Given data:

____

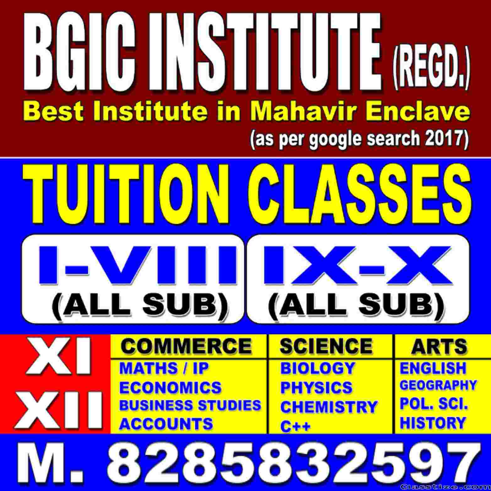 Tuition / coaching classes for class 10th Maths/ Science / English / SST /at BGIC INSTITUTE in DWARKA , MAHAVIR ENCLAVE , JANAKPURI ,PALAM, DELHI, West Delhi
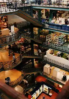 À partir de 1885, Ernest Cognacq fait appel à l'architecte Frantz Jourdain pour l'aménagement, l'agrandissement et la transformation des nouveaux magasins : si les façades sont conservées, certains immeubles sont reconstruits, d'autres sont rehaussés et les cours sont couvertes de verrières[44].
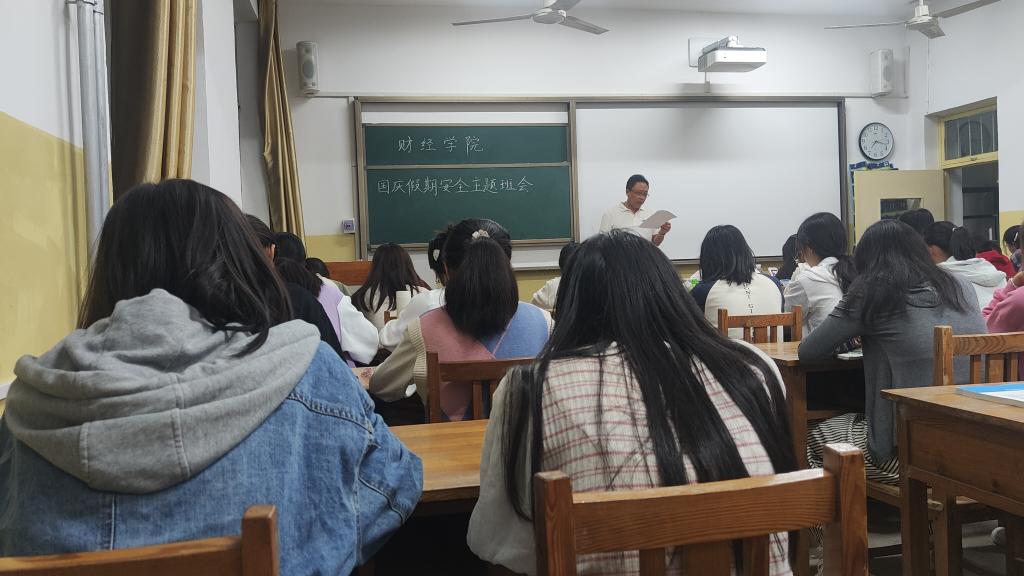 中秋节、国庆节双节即将来临,为提高学生的安全防范意识,维护国庆假期前后校园安全稳定,保障师生人身和财产安全。近日,财经学院团委全体辅导员积极召开班级会议,布置假期安全工作。
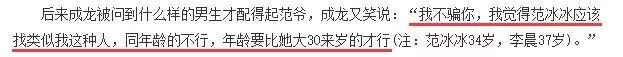 成龙对范冰冰也是一直“钟情”有加,听到范冰冰与李晨相恋的消息,他的内心是拒绝的,甚至说出自己更适合冰冰这种惊人语录。

____

Find the line holding "À partir de" in the data above. Retype it and every later line exactly, through the end, but not the pictures.

 À partir de 1885, Ernest Cognacq fait appel à l'architecte Frantz Jourdain pour l'aménagement, l'agrandissement et la transformation des nouveaux magasins : si les façades sont conservées, certains immeubles sont reconstruits, d'autres sont rehaussés et les cours sont couvertes de verrières[44].
 中秋节、国庆节双节即将来临,为提高学生的安全防范意识,维护国庆假期前后校园安全稳定,保障师生人身和财产安全。近日,财经学院团委全体辅导员积极召开班级会议,布置假期安全工作。
 成龙对范冰冰也是一直“钟情”有加,听到范冰冰与李晨相恋的消息,他的内心是拒绝的,甚至说出自己更适合冰冰这种惊人语录。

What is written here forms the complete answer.